Mauricio Pochettino believes Erik Lamela is finally showing his “real quality” at the beginning of what the Tottenham head coach admits is a crucial season for the winger.
Signed amid much fanfare for a club-record B#30million fee, expectations were understandably high when the 23-year-old swapped Roma for White Hart Lane.
However, Lamela flattered to deceive in his first two seasons in north London and it had seemed that Spurs might be tempted to cut their losses over the summer.
The Argentina international stayed put, though, and has belatedly started to impress on a consistent basis.
A man-of-the-match display in the win against Manchester City was followed by scoring in Thursday’s 1-1 Europa League draw in Monaco, putting a smile on the face of Pochettino.
“You know he has the potential, but the last two seasons were difficult for him,” the Argentinian said ahead of Sunday’s trip to Swansea.
“It is good for him and good for us that he is starting to show his real talent and his real quality.
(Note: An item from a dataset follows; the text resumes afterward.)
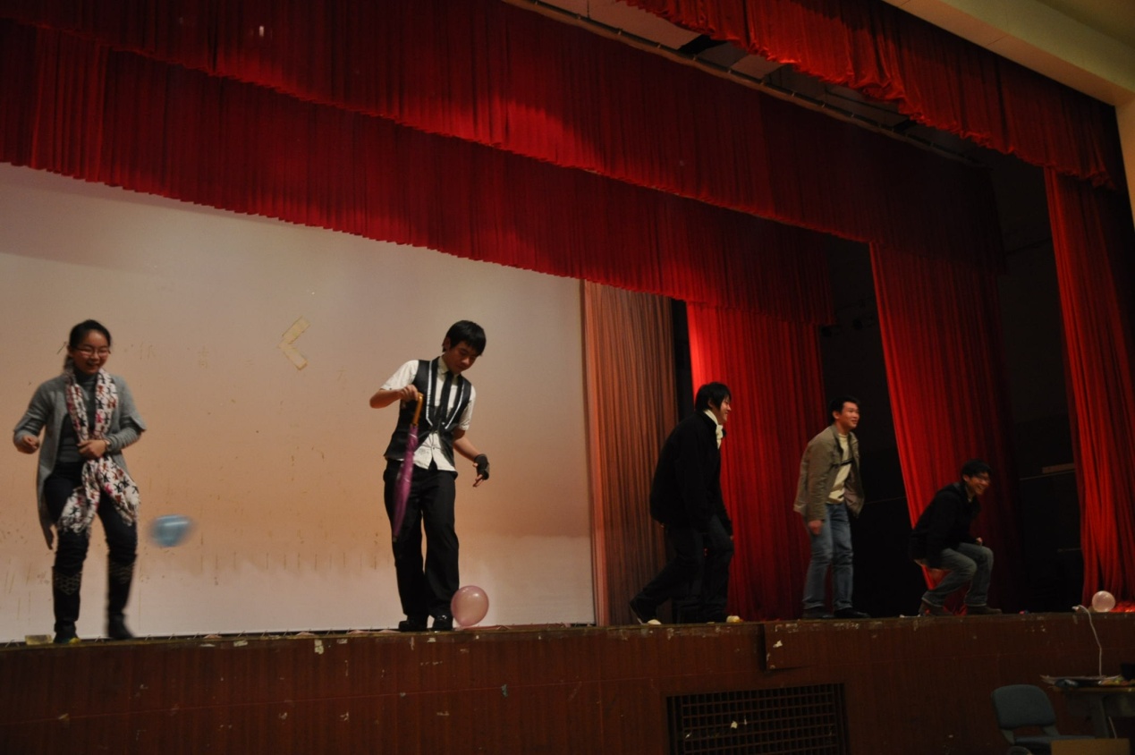 大会的重头戏是各部门的T台秀。各部干事依次走上舞台,然后摆出各种搞怪雷人的POSE,表演精彩之处,还引来各位团学同僚阵阵掌声、笑声以及喝彩声。外联部走秀的时候更是引发全场爆笑,频频有团学干事大呼:“受不了!”、“雷倒了!”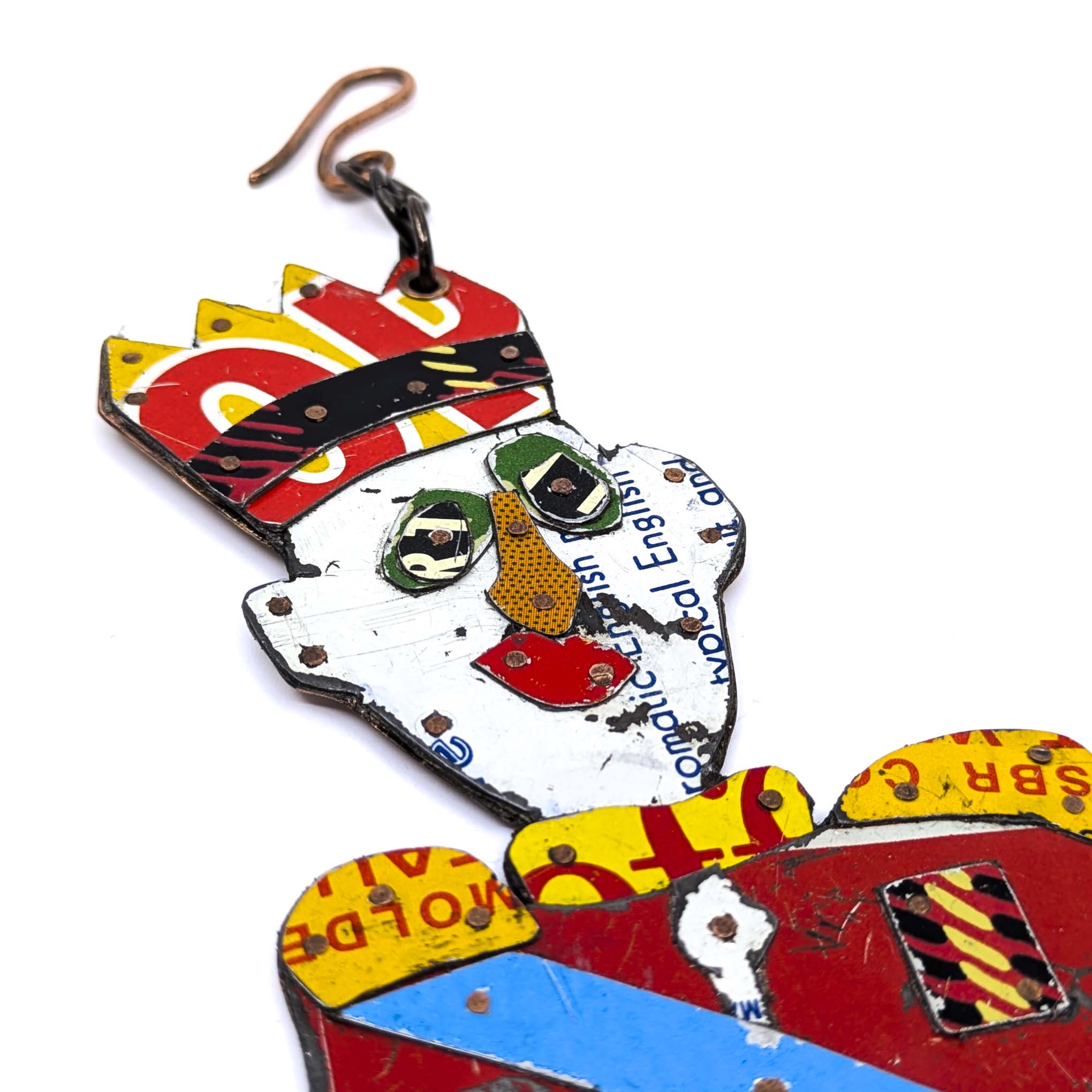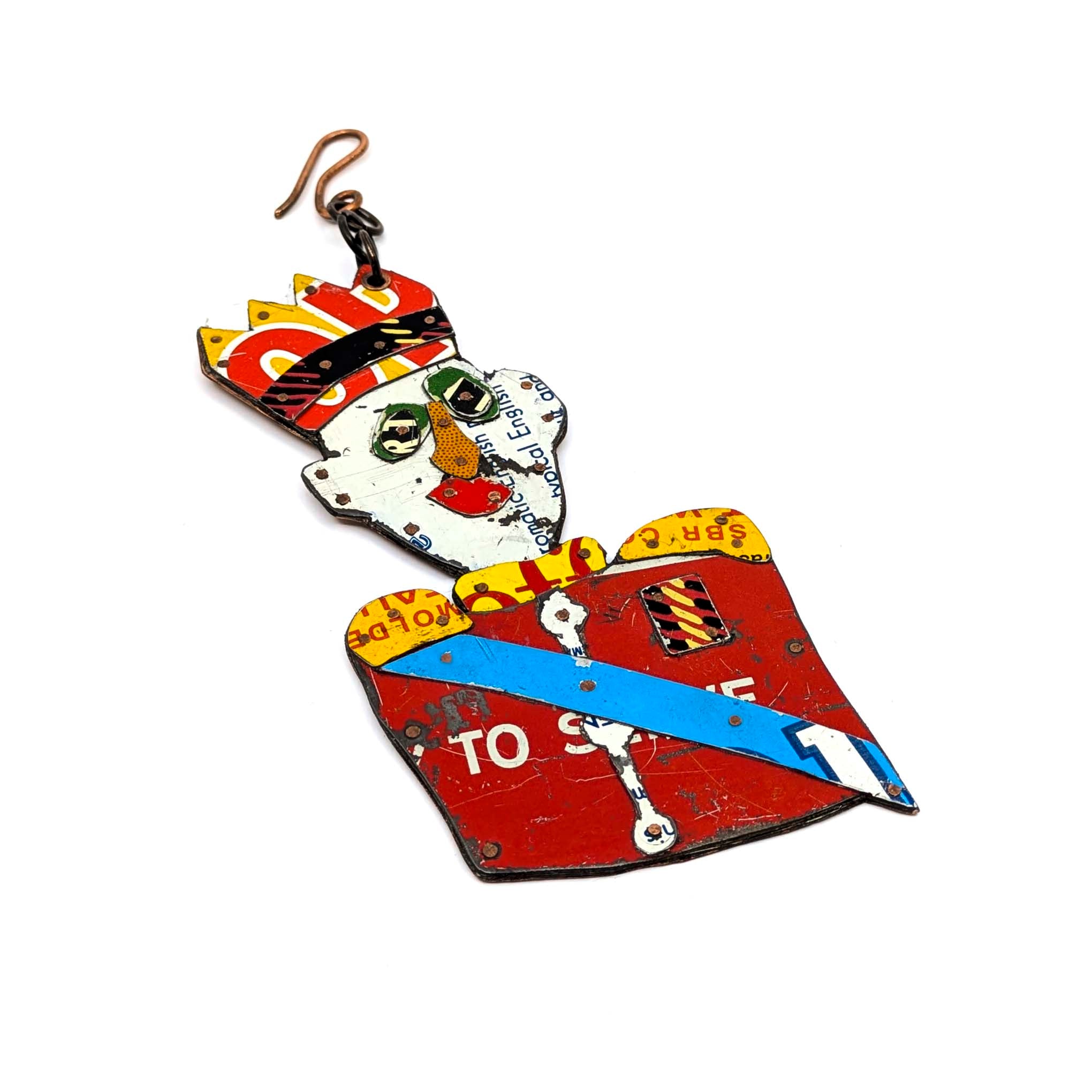 These ornaments are made by piecing together various metals and shapes from vintage tin! They have a similar feel as quilts and collages. Every ornament is one of a kind!

“Always you need time and in football sometimes it is difficult to find the time to give the player, because always we expect quick and positive results from the player.
“We know this season is very important for him because it is true – after two seasons he needs to show his real quality.
“Right now in his mind he is ready to deliver and I think that we can only help him to give an opportunity to show.”
Pochettino has been impressed by his compatriot, who took longer than most to get used to life in the Barclays Premier League.
However, Lamela is in good company when it comes to teething problems in a new country, with his manager pointing to the struggles endured by one of the greats of the modern game.
“Zinedine Zidane arrived at (Real) Madrid in his first season and the supporters blamed him,” Pochettino said. “He found it difficult and he was Zidane.
“Lamela is still young, 22 or 23, and sometimes you need to create a good dynamic in the team and around the training ground to help some players.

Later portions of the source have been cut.